GIVEN MATERIAL:
************

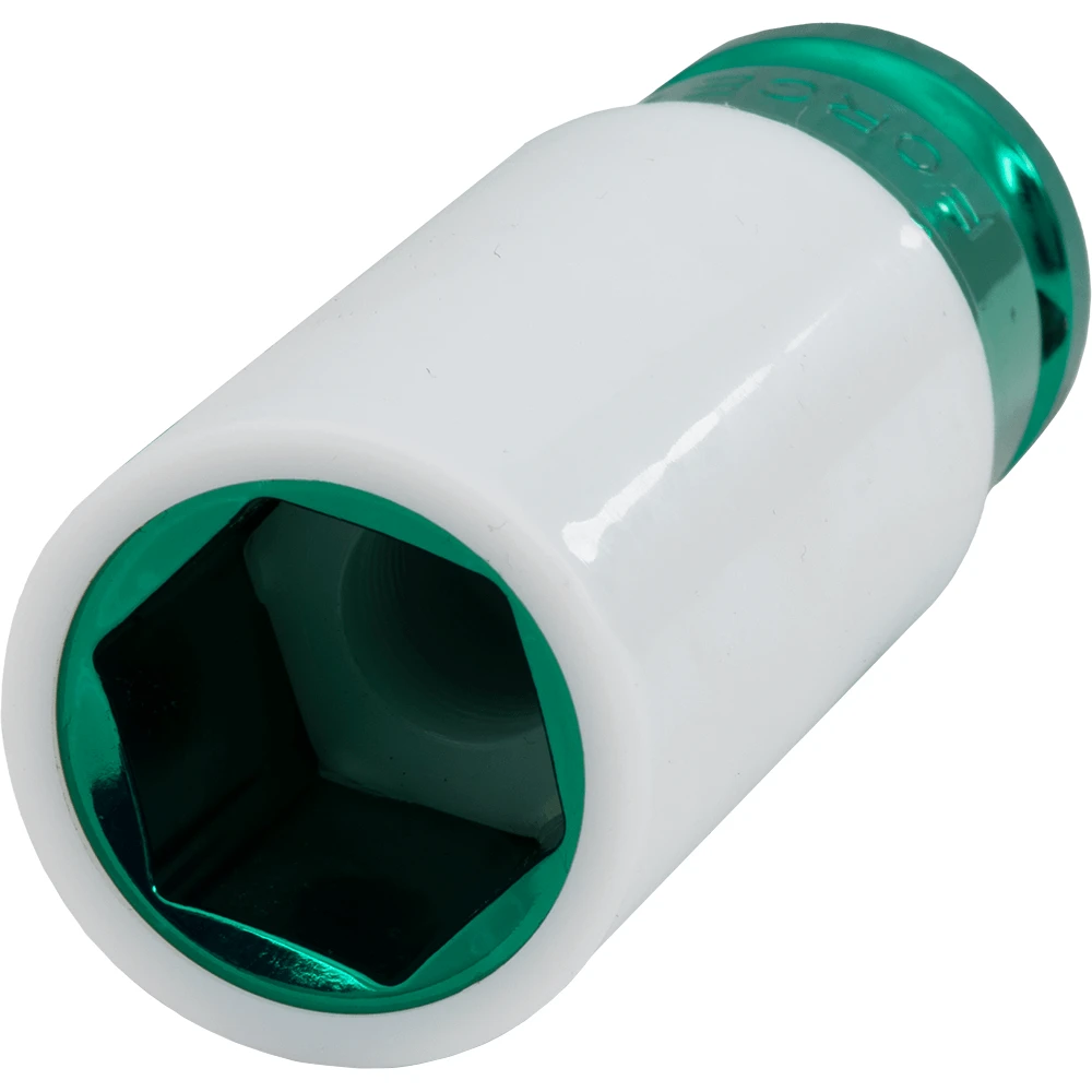 Manufactured specifically for Alloy Wheels these 1/2″ Drive Coloured 6pt. Flank Deep Impact Sockets from Force have a hard-wearing nylon sleeve on the outside of the sockets which protects the wheels from chipping & scratching. These sockets come colour coded for easy identification & can fit on any 1/2″ ratchet with ease. Individually sold for your convenience.
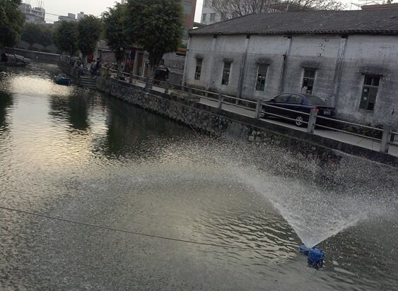 深圳市大治生光公司憑借在廢水治理行業(yè)摸爬滾打二十年的經(jīng)驗,根據(jù)河涌內(nèi)工業(yè)廢水和生活污水混雜的情況,采用“立體組合拳治理法”治理河涌水。首先,采用手段進(jìn)行底泥消解,使河涌內(nèi)的底泥毒性降低,然后充氧曝氣,使河涌水的溶解氧升高,同時種植特殊水體植物,降解污水中的COD、氨氮,最后,養(yǎng)殖特殊魚類,使其食用水中的藻類。這樣,通過物理+化學(xué)+生物多層次的結(jié)合,形成一個立體的生態(tài)循環(huán)鏈。污水進(jìn)入該河涌,能自動得到凈化,水質(zhì)完全超過五類景觀水標(biāo)準(zhǔn)。
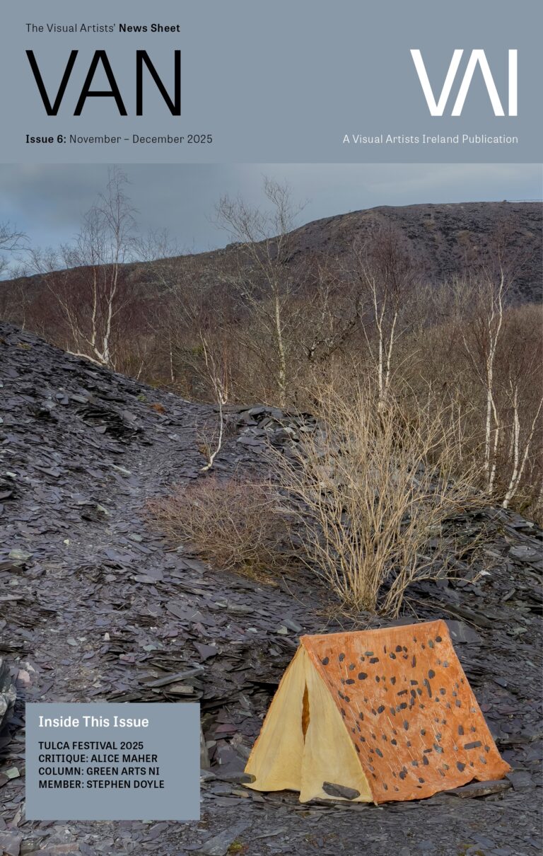 This issue also includes reports on recent VAI events and activities: Brian Kielt discusses VAI’s Connected Horizons programme; while Joanne Laws and Thomas Pool report on Get Together 2025, including the networking event at TU Dublin on 8 September, and the online conference, New Institutional Approaches to Curating, happening on 16 September.
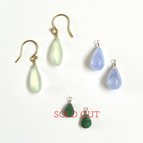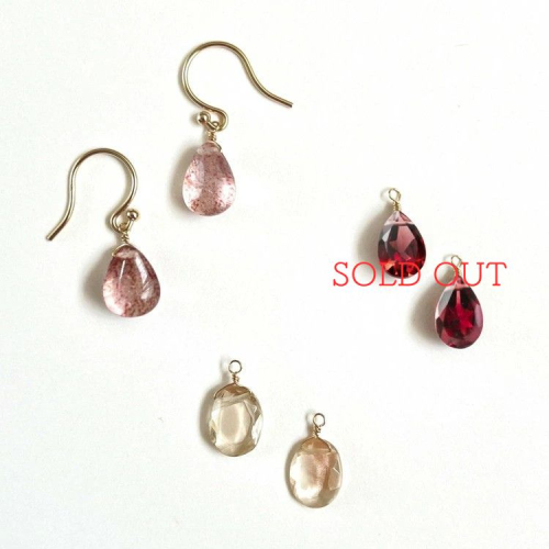 k10の柔らかな色合いと質感が美しいフックと3種類の天然石チャームがセットになったピアスです。

************

EXERCISE AIM: Repeat each line word for word, from the one with "This issue also" down to the last line of the data, and keep the pictures out of it.

WORKED SOLUTION:
 This issue also includes reports on recent VAI events and activities: Brian Kielt discusses VAI’s Connected Horizons programme; while Joanne Laws and Thomas Pool report on Get Together 2025, including the networking event at TU Dublin on 8 September, and the online conference, New Institutional Approaches to Curating, happening on 16 September.
 k10の柔らかな色合いと質感が美しいフックと3種類の天然石チャームがセットになったピアスです。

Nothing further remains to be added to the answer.